Son harto frecuentes los desniveles expresivos de Vila-Matas a lo largo del libro. Lo que podría entenderse como “riqueza de registros” también puede entenderse como limitación expresiva, y me inclino por la segunda posibilidad cuando uno ha de leer frases como: “Fue en octubre, hace exactamente veinte años. Lo recuerdo como si fuera ahora” o usos como el del epifonema: “¡Vaya viaje!”, para concluir el relato de sus padecimientos renales en Buenos Aires.  El rechazo que me provocan expresiones supuestamente creativas como la doblemente usada del “deseo de ser piel roja y volver cabalgando –muy rápido– a casa” y  “deseos de ser piel roja y de continuar estudiando a Escher”, cae, por supuesto, en la más arbitraria de las subjetividades; pero ese tipo de expresiones tiene todo el aire de la boutadepropia de un sentido del humor muy peculiar, el de quien, casi por principio, hace de la exhibición de la misantropía y de la exquisitez de las referencias culturales que usa un vistoso timbre de orgullo. Se trata de expresiones que quieren cuajar como hallazgos verbales, como cuando del arte de regalar libros sostiene que “tenga su lado salvaje”, afirmación que nos remite enseguida a aquellos celebérrimos “limones salvajes  del Caribe”, del desodorante Fa.

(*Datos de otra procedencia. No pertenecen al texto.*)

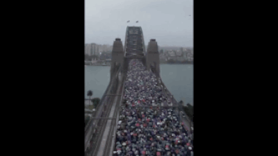 Marchers on the Sydney harbour bridge (@MaryKostakidis)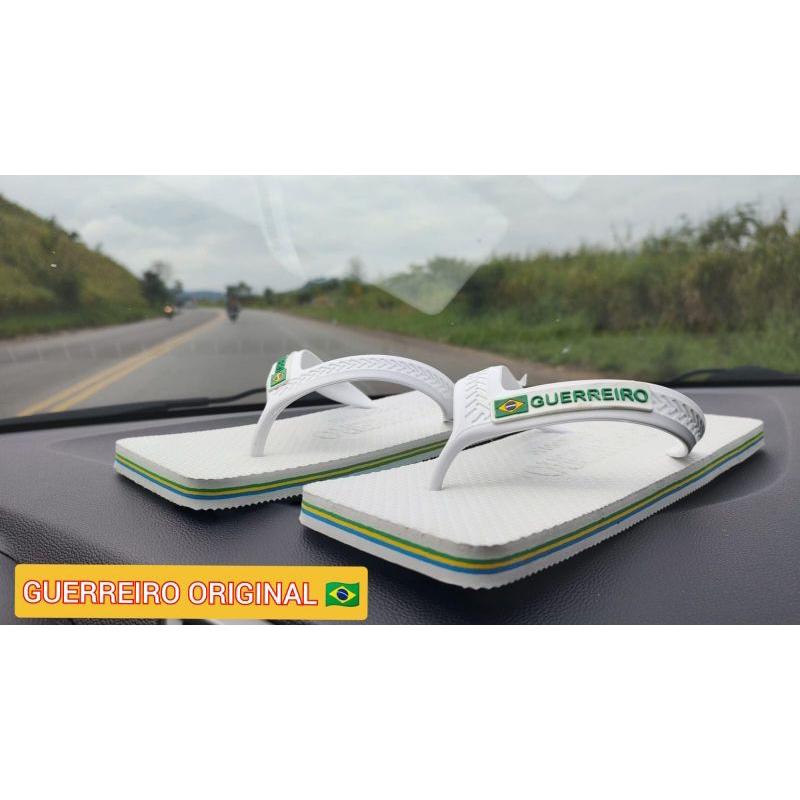 chinelo quadrado branco preto e azul japonês guerreiro original bandeira do Brasil sola borracha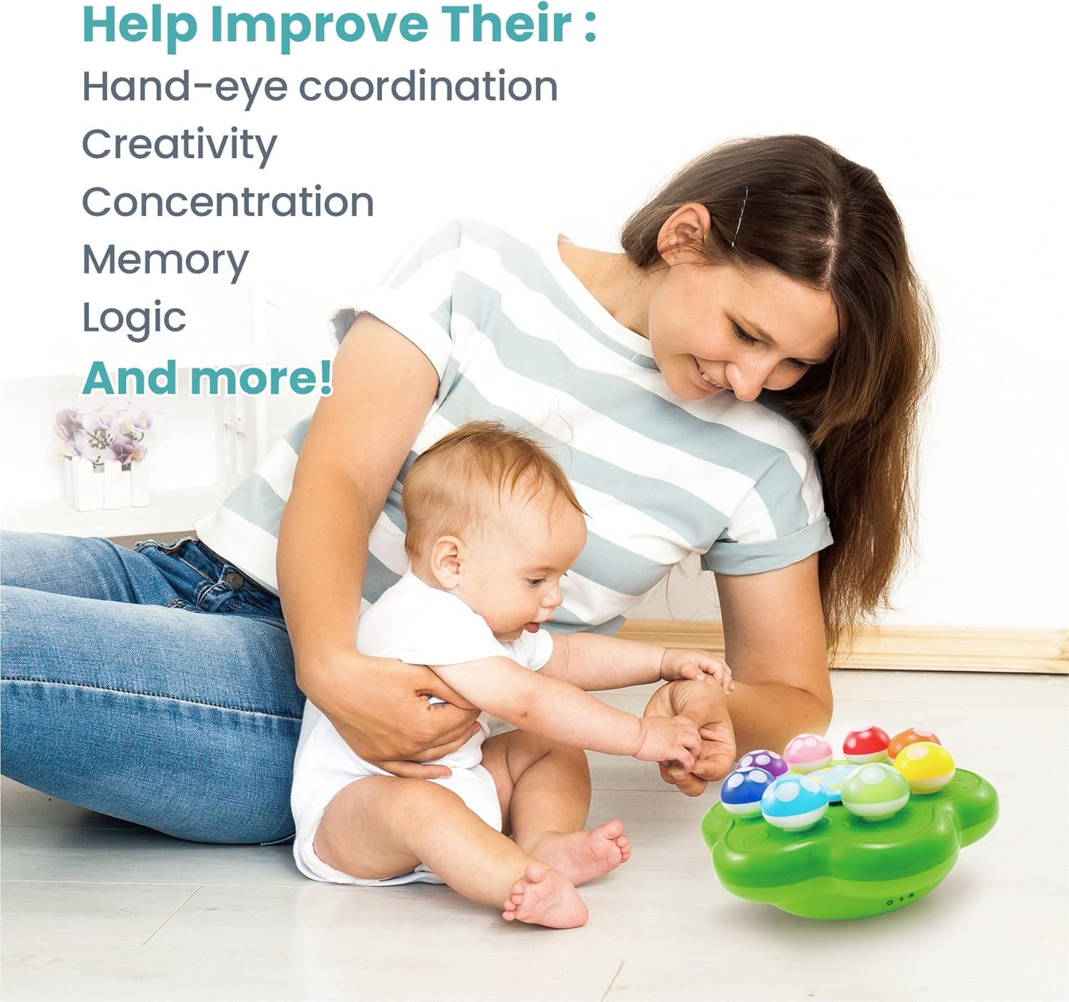 FUN MEMORY GAMES FOR YOUR LITTLE ONE – Follow the light-up patterns on the colorful mushrooms! As you progress, the patterns get longer and more challenging—perfect for sharpening memory skills.

         Ocurre mutatis mutandis lo mismo con cierta retórica muy vilamatiana, en la que hay tanto de identidad expresiva como de afectación retórica. Me refiero a expresiones del estilo de “El cine pasó definitivamentea un segundo plano en mi vida cuando empecé a adentrarme en los interiores literarios” (las cursivas son mías; la cursilería, del autor), en las que se advierte un maximalismo y una conceptualización pomposa que revelan una suerte de expresión cuasi religiosa, porque la literatura es, para Vila-Matas, una divinidad a la que tiene hecho voto de imperecedera devoción existencial. No hay más que recordar la expresión  “alta literatura” –repetida hasta cuatro veces en el dietario–  o su gemela, “alta lectura”, para confirmar esa actitud aerostática de la que venimos hablando.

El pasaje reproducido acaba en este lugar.